LA CONJONCTION DES SYNERGIES ENTRE LABORATOIRES DE BIOLOGIE PUBLICS ET L’EXPÉRIENCE DU SECTEUR PRIVÉ DOIT COLLECTIVEMENT NOUS FAIRE RÉFLÉCHIR À DES MODÈLES ALTERNATIFS ET À UNE VRAIE PRISE EN COMPTE DE LA BIOLOGIE DANS L’ORGANISATION TERRITORIALE DES SOINS…

ALEXANDRE DREZET 

DIRECTEUR DE LA STRATÉGIE DU CHU DE CAEN

La biologie a joué un rôle central dans l’épidémie du SARS-CoV-2 – connue sous le nom de Covid-19 – qui a débuté en France en mars 2020. S’il fallait encore le démontrer, cette crise place clairement la biologie comme un maillon toujours plus incontournable de la chaîne de soins de demain étant entendu que le diagnostic est un des facteurs pronostiques reconnus des inégalités de santé et un fondement essentiel de la médecine personnalisée.

À l’occasion de cette crise, dans un contexte de tension particulièrement important en matière de réactifs, les laboratoires de biologie ont fait preuve de réactivité et d’inventivité pour adapter leur réponse aux besoins. Néanmoins, force est de constater qu’aucun d’entre eux n’a pu y répondre seul. En ce sens, cette crise sanitaire est riche d’enseignements et l’expérience du laboratoire de biologie médicale du CHU de Caen permet d’émettre quelques suggestions pour l’avenir.

Le CHU de Caen, par l’intermédiaire de son laboratoire de biologie médicale, a eu la responsabilité de réaliser la détection du virus SARS-CoV-2 par RT-PCR (Reverse Transcriptase-Polymerase Chain Reaction) à la fois pour les patients qu’il a pris en charge mais également pour ceux hospitalisés dans les établissements sanitaires et médico-sociaux de son territoire. Pour ce faire, le CHU a procédé en deux temps :

• Un premier temps qui a impliqué de redéployer et de former du personnel technique dans des délais très contraints pour faire face à la hausse de la demande. En ce sens, le CHU a fait preuve de flexibilité et de souplesse pour réaliser dès les premiers jours jusqu’à 300 RT-PCR par jour ;

• Un second qui a permis de dépasser la seule capacité du CHU en ayant recours aux ressources humaines et matériels du laboratoire vétérinaire LABEO. Le recours à ce laboratoire a été rendu possible par les mesures prises à titre exceptionnel dans le cadre de la crise sanitaire. Les capacités ont ainsi été démultipliées pour atteindre jusqu’à 2 000 RT-PCR par jour.

La collaboration du CHU avec le laboratoire LABEO a mis en exergue davantage de similitudes que de différences entre laboratoire de biologie médicale et laboratoire vétérinaire.

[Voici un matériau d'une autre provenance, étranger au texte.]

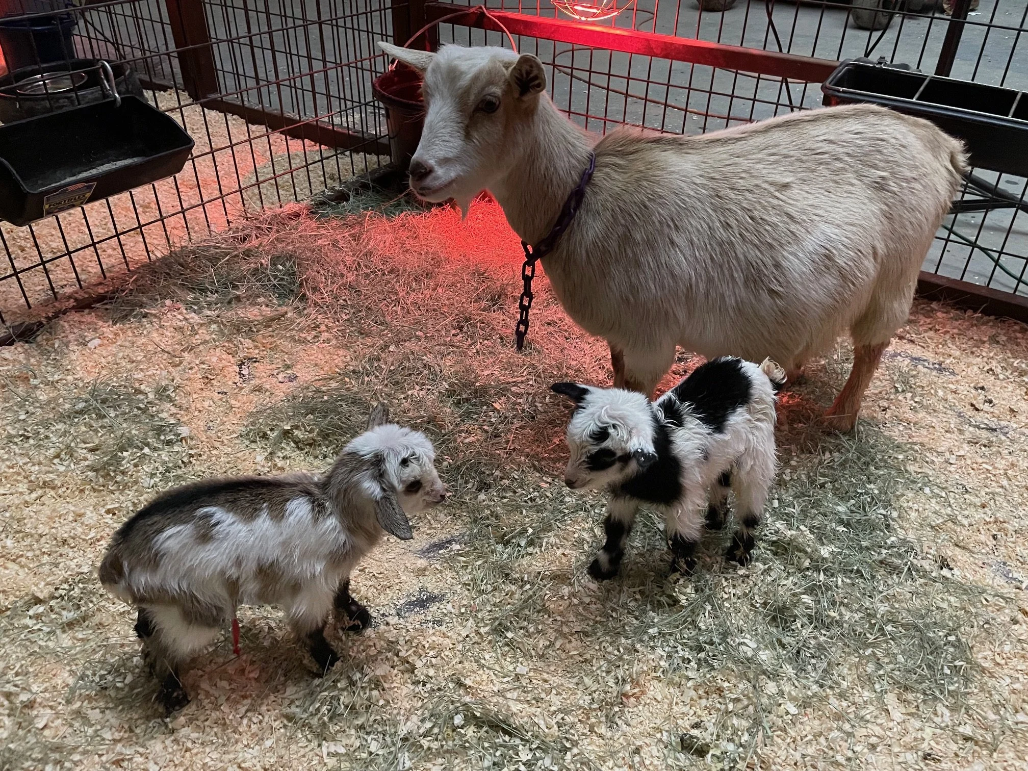 The doe/does get their own stall in the barn and an attached outdoor run.

Les compétences, le matériel et les modes de fonctionnement en biologie moléculaire se sont avérés globalement similaires et appellent à ce que des synergies soient trouvées entre ces deux structures après la crise.

Ceci pose très clairement la question d’un rapprochement dont l’intérêt premier n’est pas l’obtention d’économies d’échelles mais davantage la constitution de plateformes plus performantes et toujours plus spécialisées et transversales.

Les groupements de biologie privés (Cerballiance, Eurofins…) ont dans le même temps montré leurs limites : bien qu’ils disposent de plateformes performantes, l’ultracentralisation des analyses spécialisées à l’échelle nationale a allongé les délais de rendus des résultats induisant, par voie de conséquence, des retards de prise en charge.

La conjonction des synergies entre laboratoires de biologie publics et l’expérience du secteur privé doit collectivement nous faire réfléchir à des modèles alternatifs et à une vraie prise en compte de la biologie dans l’organisation territoriale des soins. Il conviendrait notamment d’identifier a minima par territoire une plateforme publique ou publique-privée permettant de répondre aux besoins et capable de générer une réelle capacité d’innovation. Ces nouveaux plateaux techniques de biologie constitueraient des masses critiques réactives sur des secteurs thématiques à fort enjeu (génomique, biologie moléculaire, microbiologie…) et gagneraient aussi en visibilité ce qui faciliterait l’ambition d’une réelle recherche translationnelle qui peine réellement à se créer une place en France.

Cet exemple inédit de collaboration démontre que si les virus ne connaissent pas de frontières la réponse à ces virus suppose une agrégation de compétences qui dépasse les limites de l’hôpital.